- [Information provided]

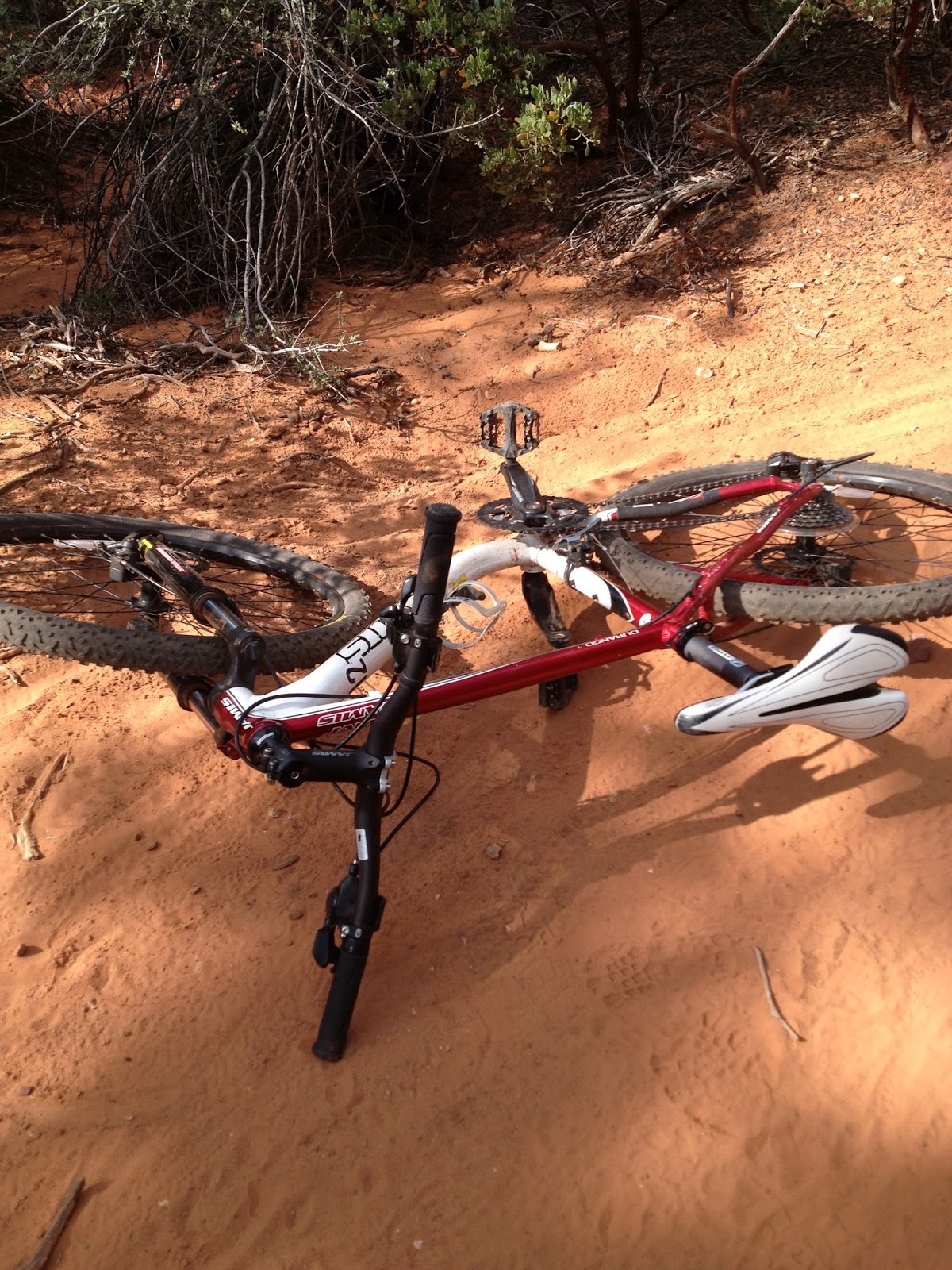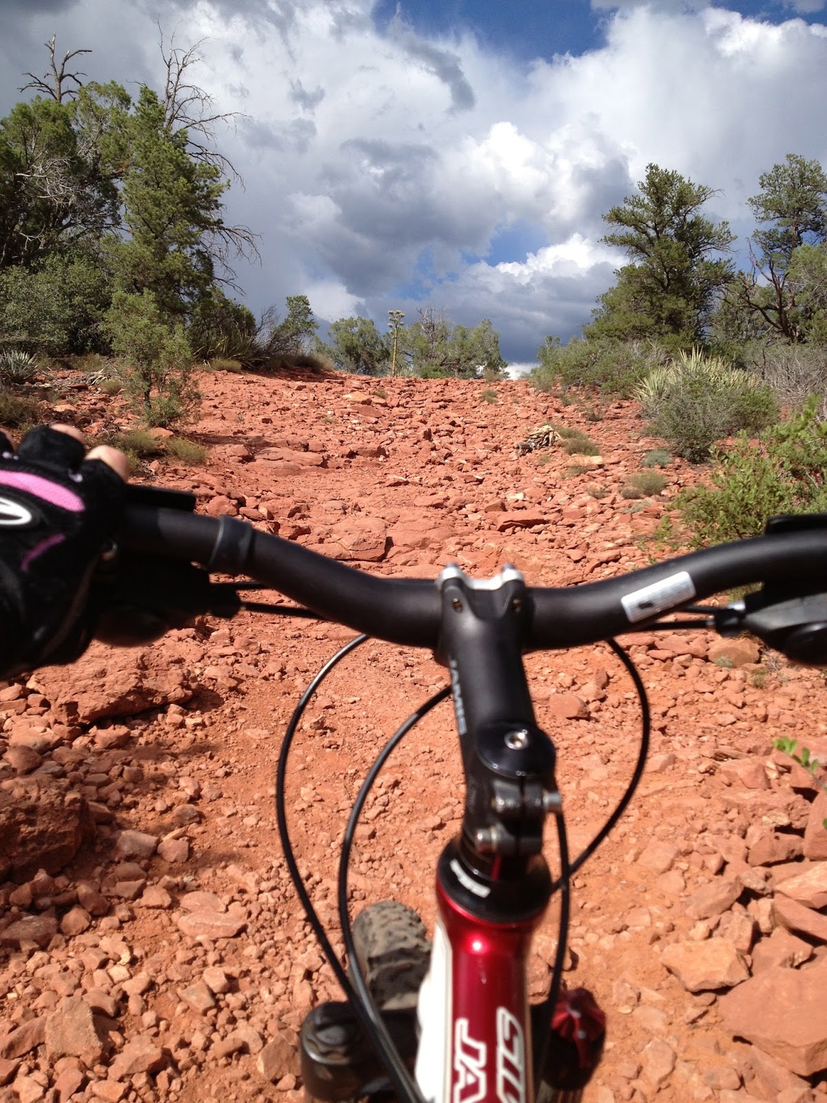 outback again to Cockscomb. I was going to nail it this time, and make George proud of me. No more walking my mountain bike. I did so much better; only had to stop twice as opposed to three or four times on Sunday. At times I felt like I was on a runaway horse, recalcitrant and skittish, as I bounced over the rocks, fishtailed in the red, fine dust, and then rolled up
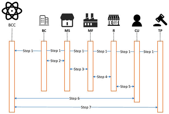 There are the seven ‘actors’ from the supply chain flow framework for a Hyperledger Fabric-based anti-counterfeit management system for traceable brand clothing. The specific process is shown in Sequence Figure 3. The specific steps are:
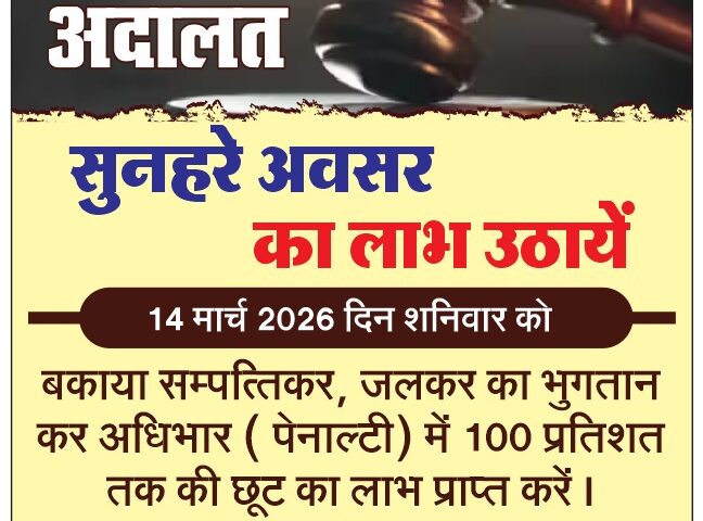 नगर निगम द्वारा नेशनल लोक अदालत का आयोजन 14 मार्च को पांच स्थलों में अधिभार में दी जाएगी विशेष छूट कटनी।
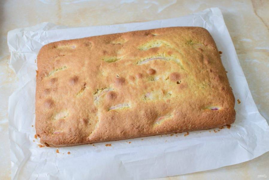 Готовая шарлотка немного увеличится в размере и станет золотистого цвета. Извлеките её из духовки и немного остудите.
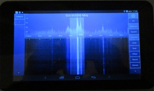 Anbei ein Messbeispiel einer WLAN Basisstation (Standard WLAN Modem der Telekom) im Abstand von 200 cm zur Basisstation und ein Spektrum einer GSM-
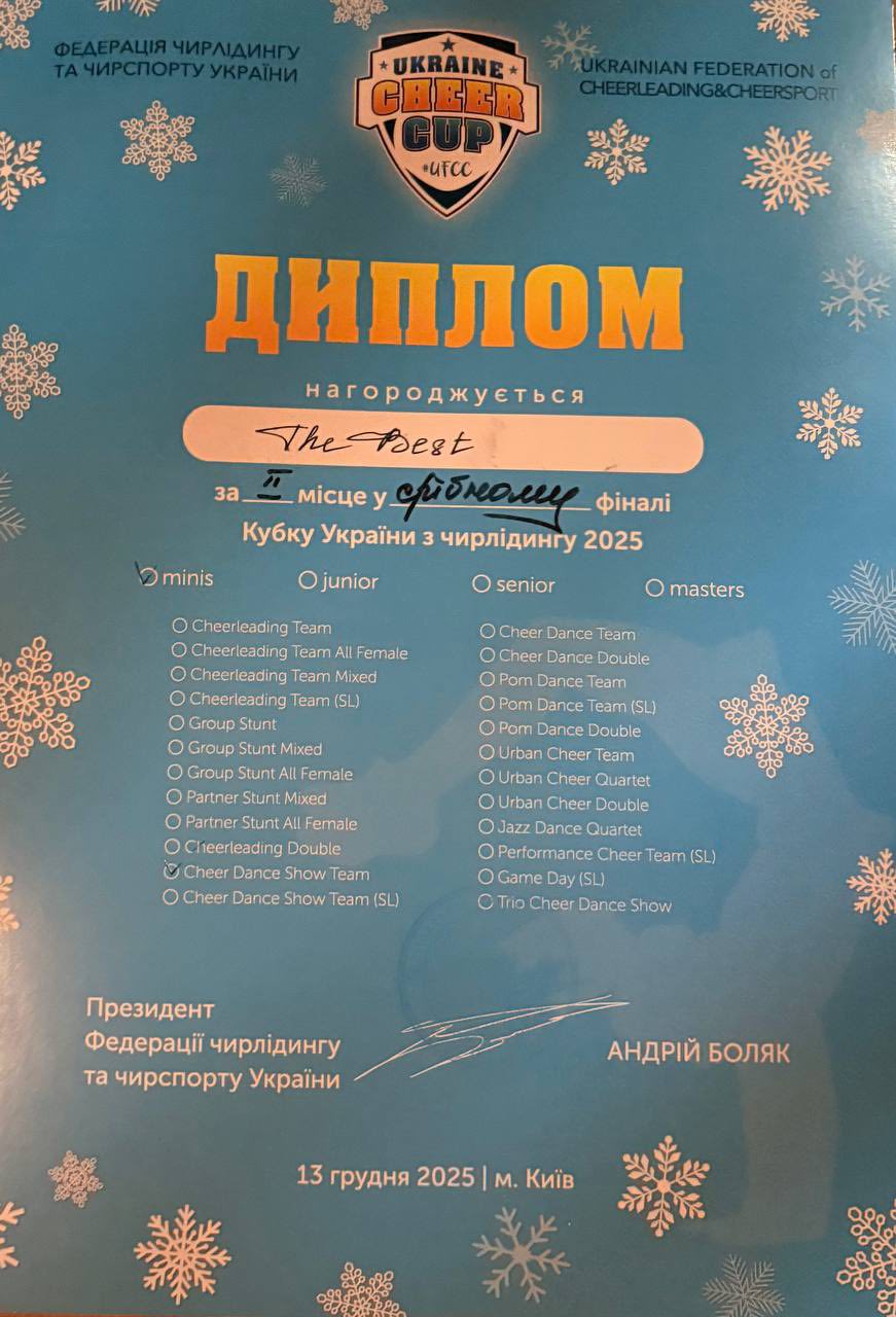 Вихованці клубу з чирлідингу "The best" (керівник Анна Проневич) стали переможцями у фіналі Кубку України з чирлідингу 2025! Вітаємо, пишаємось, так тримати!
==
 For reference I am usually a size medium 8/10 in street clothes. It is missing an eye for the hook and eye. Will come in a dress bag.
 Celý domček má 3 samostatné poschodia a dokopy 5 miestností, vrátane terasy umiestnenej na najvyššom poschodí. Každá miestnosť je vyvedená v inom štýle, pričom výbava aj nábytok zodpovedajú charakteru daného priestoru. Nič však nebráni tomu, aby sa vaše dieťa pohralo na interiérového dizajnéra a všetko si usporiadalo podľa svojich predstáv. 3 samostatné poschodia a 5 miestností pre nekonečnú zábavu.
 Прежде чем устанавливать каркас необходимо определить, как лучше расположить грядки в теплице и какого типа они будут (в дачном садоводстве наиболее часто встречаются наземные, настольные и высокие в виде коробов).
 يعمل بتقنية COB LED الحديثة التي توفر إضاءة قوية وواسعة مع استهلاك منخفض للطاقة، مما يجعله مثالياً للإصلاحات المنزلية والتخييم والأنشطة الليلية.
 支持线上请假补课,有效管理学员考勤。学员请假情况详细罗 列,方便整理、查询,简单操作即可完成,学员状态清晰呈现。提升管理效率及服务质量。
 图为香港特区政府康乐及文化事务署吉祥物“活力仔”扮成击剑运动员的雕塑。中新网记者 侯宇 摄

- [What needs to be done] Working from the records above, set down word for word everything from the line containing "Anbei ein Messbeispiel" down to the line containing "Вихованці клубу з", ends included, minus the pictures.

- [Task answer]
 Anbei ein Messbeispiel einer WLAN Basisstation (Standard WLAN Modem der Telekom) im Abstand von 200 cm zur Basisstation und ein Spektrum einer GSM-
 Вихованці клубу з чирлідингу "The best" (керівник Анна Проневич) стали переможцями у фіналі Кубку України з чирлідингу 2025! Вітаємо, пишаємось, так тримати!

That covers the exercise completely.